>>>
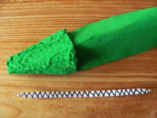 ![]() Простой способ сделать поделку крокодила с дошкольниками 5-6 лет или детьми школьного возраста- использовать картон от туалетных рулонов и яичных контейнеров. Почитать подробнее как сделать [/b] ![]() Из картонного контейнера от яиц вырезаем острую часть. ![]() Из нее мы сделаем крокодилу морду и хвост, поэтому разрезаем ее на части по линии, показанной на фото. ![]() Тело крокодила делаем из половинки туалетного рулона, разрезанного вдоль. ![]() Приклеиваем голову и хвост к телу. Красим всего крокодила зеленой краской. ![]() Глаза вырезаем из бумаги ![]() Получившийся бумажный глаз наклеиваем на кусок картона, покрашенного в зеленый цвет. ![]() Делаем на морде прорези для вставки глаз. ![]() Вставляем глаза. Из остатков картона вырезаем 4 лапы ![]() И приклеиваем их с внутренней стороны крокодила ![]() Вырезаем из белой бумаги полоску и рисуем на ней зубы. ![]() Приклеиваем полоску на крокодила Источник: patchworkparent.blogspot.co.uk Нет комментариев. Ваш будет первым! |
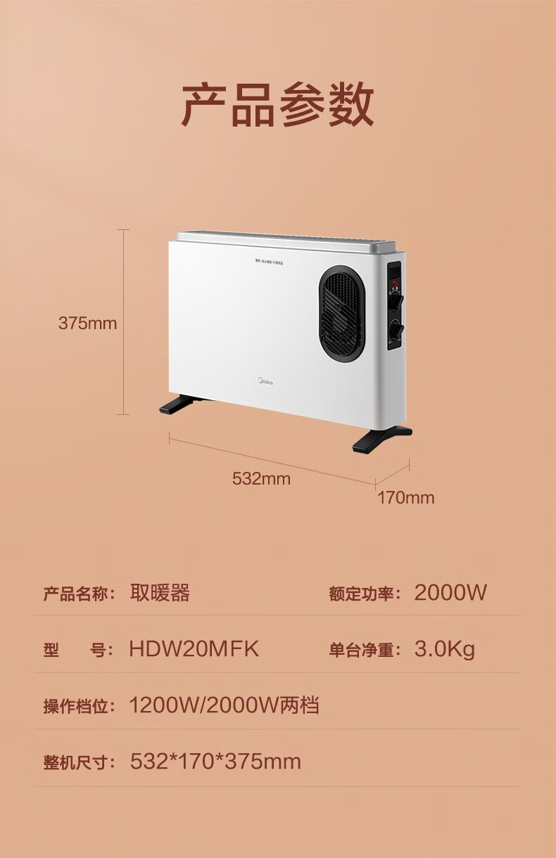 美的 HDW20MFK 取暖器双向发热节能速热电暖气器客厅 (创)
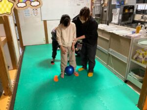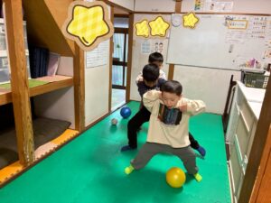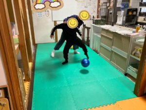 足型に合わせて足を置いて、ボールを足の間から通します(^-^)
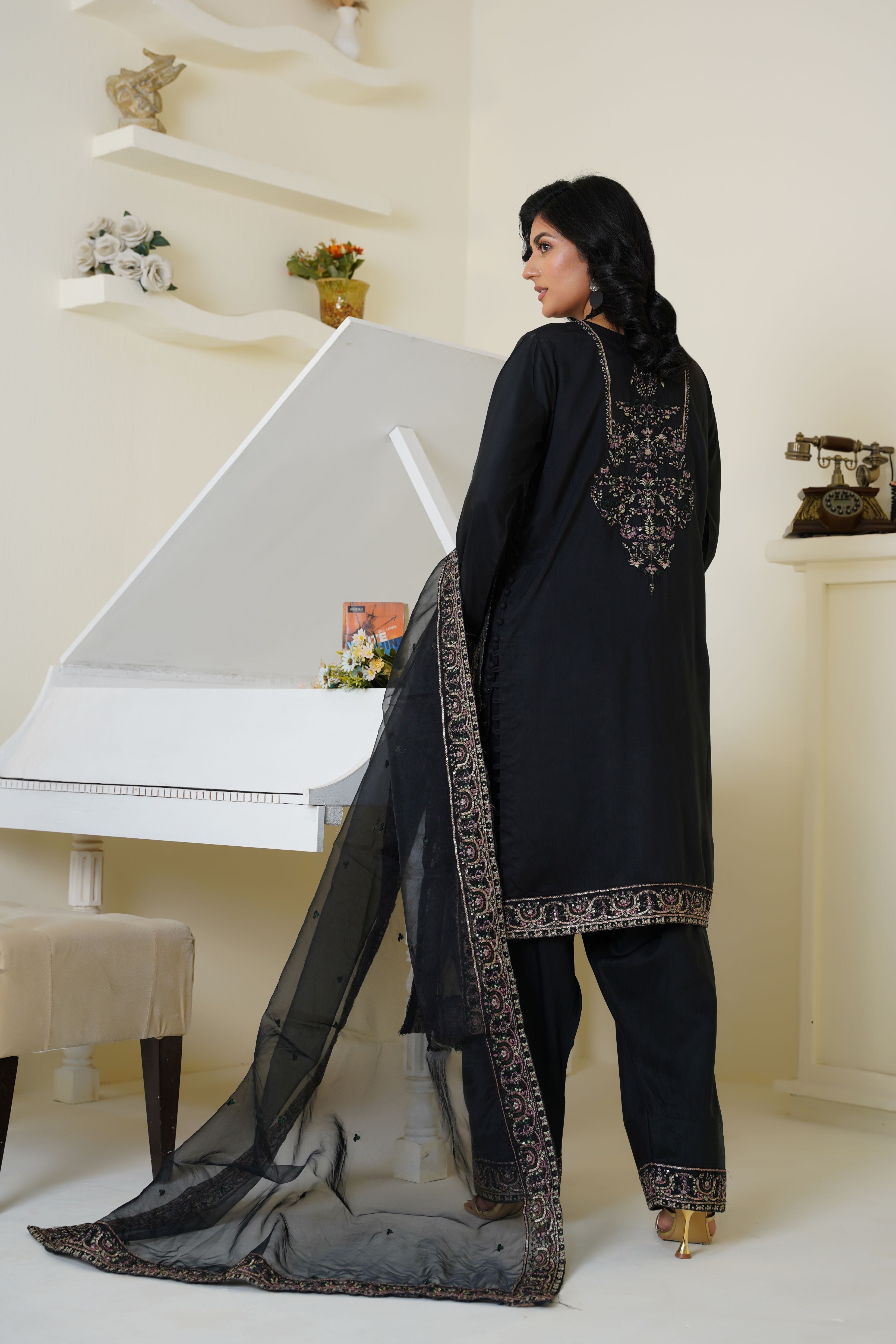·        Color: Classic black with delicate embroidery
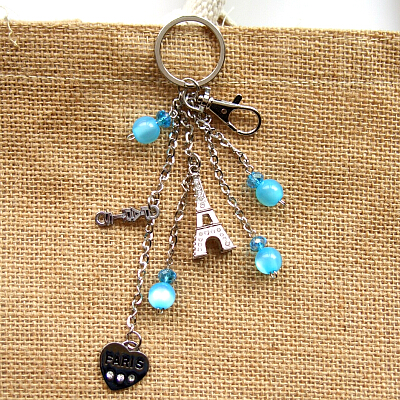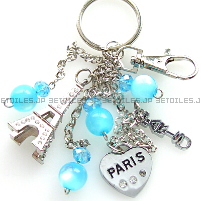 エッフェル塔 キーホルダー 4クリスタルビーズ ラインストーン パリ フランス 新品 日本未発売 送料無料★
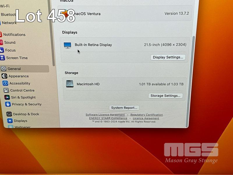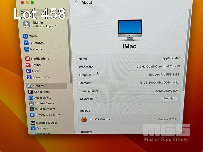 APPLE iMAC (A1418), CORE i5 7400 (7TH GEN) @ 3GHz, 16GB DDR4 RAM, 1TB FUSION DRIVE, BUILT-IN 21.5" RETINA DISPLAY (4096x2304), 2GB RADEON PRO 555 VIDEO, Wi-Fi, BLUETOOTH, MAC OS 13 INSTALLED (NO KEYBOARD, NO MOUSE, NO CABLE) S/N:C02XJ06VJ1G9
<<<
_Exercise requirements:_
With the pictures left out, give again exactly the lines from the one that contains "美的 HDW20MFK 取暖器双向发热节能速热电暖气器客厅 (创)" through the final line of the data above.

_Answer box:_
 美的 HDW20MFK 取暖器双向发热节能速热电暖气器客厅 (创)
 足型に合わせて足を置いて、ボールを足の間から通します(^-^)
·        Color: Classic black with delicate embroidery
 エッフェル塔 キーホルダー 4クリスタルビーズ ラインストーン パリ フランス 新品 日本未発売 送料無料★
 APPLE iMAC (A1418), CORE i5 7400 (7TH GEN) @ 3GHz, 16GB DDR4 RAM, 1TB FUSION DRIVE, BUILT-IN 21.5" RETINA DISPLAY (4096x2304), 2GB RADEON PRO 555 VIDEO, Wi-Fi, BLUETOOTH, MAC OS 13 INSTALLED (NO KEYBOARD, NO MOUSE, NO CABLE) S/N:C02XJ06VJ1G9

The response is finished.